Shane Brett: Certainly for them, instead of coming in and doing an onsite review, or an audit, if they can just log in, say Des Fund ABC, and then whenever they want to see what your current status is and what state your documentation of reporting is, it's a much more streamlined way for them.

Des O'Donohoe: Yeah, yeah. And what's their attitude been towards blockchain in general? In the US, let's say.

Shane Brett: In the US, definitely wait and see. So, the gentleman that we would do some work with over there, he's the head of the blockchain working group for the SCC.

Des O'Donohoe: Right.

Shane Brett:
So, they've had a lot of attention focused over there more around initial coin offerings and your token sales. But specifically around blockchain, one of their big challenges and one of their fears is that they will be invited into all of these funds' chains to oversight the compliance, but from a logistical perspective in long-term, that could be a hundred thousand funds and a hundred thousand blockchains they'll be a member of, which from an organizational perspective is one of their key concerns. But the technology is evolving so quickly. It hasn't really answered that specific question yet.
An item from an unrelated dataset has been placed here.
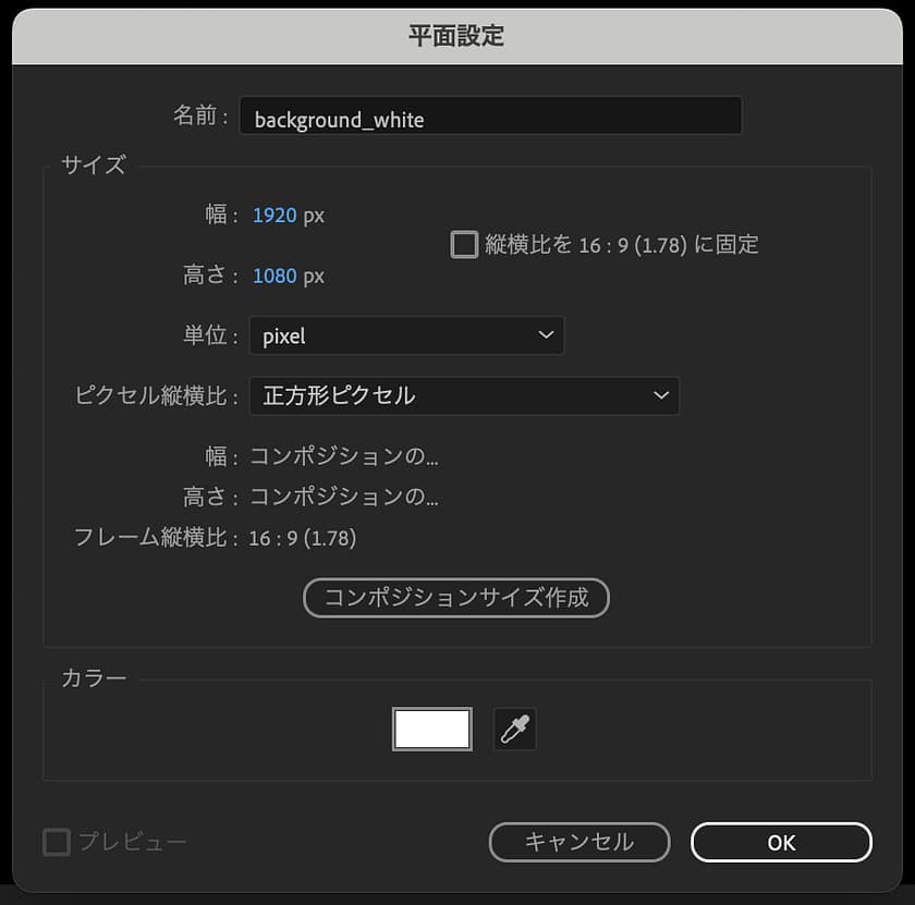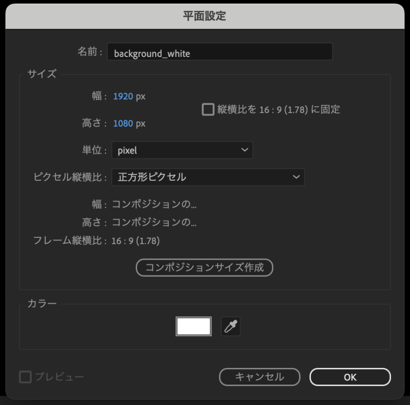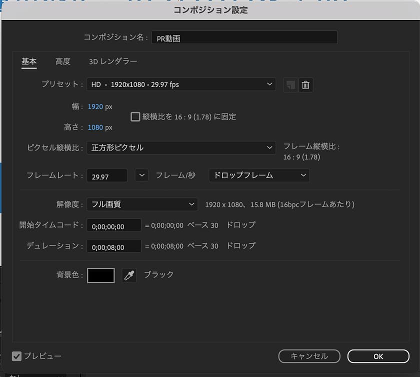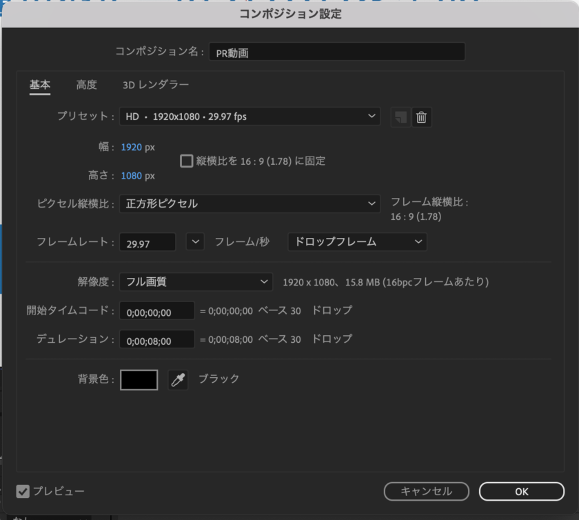 縦横比や解像度など、制作する動画に合わせてコンポジションの設定しましょう。今回は上図のように設定しました。

Des O'Donohoe: Yeah. I know one thing that has given the whole blockchain thing a bit of bad press, and it was given by association, is the association with Bitcoin.

Shane Brett: Yeah.

Des O'Donohoe: We saw only the other day it broke the $10,000 barrier.

Shane Brett: Yeah. And it's $11,500 today.

Des O'Donohoe: In the space of a couple of months.

Shane Brett: Yeah, exactly.

Des O'Donohoe: So, just briefly, what are your thoughts on Bitcoin and where you think that might be going?

Shane Brett: Well, Bitcoin is here to stay. In terms of last Friday, the CFTC just approved two Chicago exchanges to set up their futures. What's interesting about Bitcoin is up until now there's been no way to short it. If you wanted to take a bet on Bitcoin, you had to go and buy it. And now these futures and options that are going to come out from the Chicago exchanges will be a way to short it. So, I wouldn't be surprised if we get a bit of more realism around pricing over the next say six to twelve months.

Des O'Donohoe: Very good. Okay. Well, listen, thanks very much for stopping by-

Shane Brett: Great.

Des O'Donohoe: ... and taking the time to speak with me today. And we'll hear more from GECKO Governance soon, I'm sure.

Shane Brett: Brilliant.

Des O'Donohoe: Cheers, Shane.

Shane Brett: Always a pleasure. Thanks very much, Des. Cheers.